Laranjeiras argumenta ainda que os clandestinos não seguem as regras estipuladas para o transporte de passageiros. Os loteiros não têm rotas pré-determinadas, horários fixos e nem mesmo cumprem com as leis de gratuidade ou meia-passagem.
“A concorrência é desleal porque os clandestinos não cumprem o que está na lei e as empresas regulamentadas arcam com os prejuízos. O clandestino só roda se tiver passageiro pagante. A passagem não é regulamentada; o preço é definido na hora do embarque.
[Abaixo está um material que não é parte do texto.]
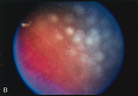 A reduction in both plus disease and extraretinal fibrovascular proliferation should be seen by 1 week after treatment. COMPLICATIONS AND THEIR MANAGEMENT Both ocular and systemic complications may occur during cryotherapy for ROP. Systemic complications may be life threatening. All patients treated with cryotherapy have periorbital edema, conjunctival injection, and chemosis. The periorbital edema usually subsides in a few days, whereas the conjunctival injection and chemosis take 1 to 2 weeks to regress. In the CryoROP study, conjunctival or subconjunctival hematoma occurred in 11.7% of treated eyes, and unintended conjunctival laceration occurred in 5.3% of eyes.18 These complications are self-limited and do not lead to long-term problems. The most frequent and most serious ocular complication in the CryoROP study was intraocular hemorrhage. Retinal, preretinal, and vitreous hemorrhage occurred in 22.3% of treated eyes.18 At times intraocular hemorrhage may prevent the completion of treatment. In such cases, treatment is aborted and the eye is carefully followed for clearing of the hemorrhage so that treatment may be completed. Because treatment is delivered with a probe that must be pressed onto the globe, there is the potential for severe injury, such as perforation of the globe, eye muscle laceration or avulsion, and orbital wall injury. Central retinal artery occlusion may occur as a result of excessive pressure placed on the globe during cryotherapy. In the CryoROP study, transient closure of the central retinal artery occurred in one case.18 Care should be taken to limit the pressure that is placed on the globe and adnexal structures. In the CryoROP study,18 9.4% of infants had bradycardia, arrhythmia, or significant apnea during the administration of anesthesia and cryotherapy. An additional 1.1% of infants had acquired or increased cyanosis. One infant had a seizure during treatment. Brown and others17 reported three cases of respiratory arrest and one of cardiopulmonary arrest in 80 consecutive infants treated with cryotherapy for ROP. These severe systemic complications underscore the need for careful monitoring of infants by a neonatologist or anesthesiologist during treatment. Evidence has shown that the addition of appropriate systemic anesthesia to topical anesthesia for cryotherapy can reduce the rate of systemic complications.16 Late-onset retinal detachment after cryotherapy has been reported.20 Breaks are often found at the border of the cryotherapy-treated and untreated retina. The retinal breaks may occur as a result of the inability of treated retina to stretch as the eye grows or as a result of vitreous traction.21 Surgical treatment includes standard buckling, vitrectomy, or combination techniques although the need for subsequent surgery is as high as 30%.22 An increased risk of rhegmatogenous retinal detachment is present for life. The incidence of myopia is increased in children with a history of ROP with or without treatment. This increased risk of myopia correlates directly with severity of eye disease. Severe ROP leads more often to high myopia.23 When compared with observed control eyes with threshold ROP, eyes treated with cryotherapy have an increased risk of myopia greater than 8.00 Diopters (D).24 The visual field in eyes with a history of threshold ROP is decreased when compared with normal controls. Results from the CryoROP study at 10 years demonstrated a reduction in visual field area from 30% to 37% in eyes treated with cryotherapy when compared with healthy controls.25 This reduction in visual field was 5% greater for eyes that underwent cryotherapy than in eyes with threshold ROP that did not undergo cryotherapy. There does not appear to be an increased incidence of amblyopia in eyes with threshold ROP treated with cryotherapy when compared to observed threshold ROP. In the CryoROP study, strabismus surgery was required for 10% of eyes treated with cryotherapy and 7% of control eyes with threshold ROP.26 |

O transporte irregular não beneficia ao estudante, idoso, deficiente e não faz horários alternativos, como os que as empresas são obrigadas a fazer”, justificou.
Segurança: Presidente da empresa Trampolim da Vitória, que atua nos municípios de Parnamirim, Macaíba e São Gonçalo do Amarante, Eudo Laranjeiras também questiona a segurança do serviço prestado pelos clandestinos. “A última morte envolvendo um ônibus intermunicipal foi há mais de 15 anos”, ressaltou.
Nos últimos 12 meses, segundo a Polícia Rodoviária Federal (PRF), dois acidentes estão correlacionados ao transporte clandestino. As nove mortes de Ceará-Mirim, na segunda-feira passada, podem ser somados aos três mortos num outro acidente ocorrido em novembro de 2012.
Outro fato sobre a insegurança no trânsito é que o motorista responsável pelo último acidente, Francisco Cosme do Nascimento, 41, não tinha carteira de habilitação. Ele foi uma das vítimas da tragédia. No dia 5 de fevereiro, o motorista havia sido autuado por embriaguez ao volante. Ele estava com a habilitação vencida desde outubro passado.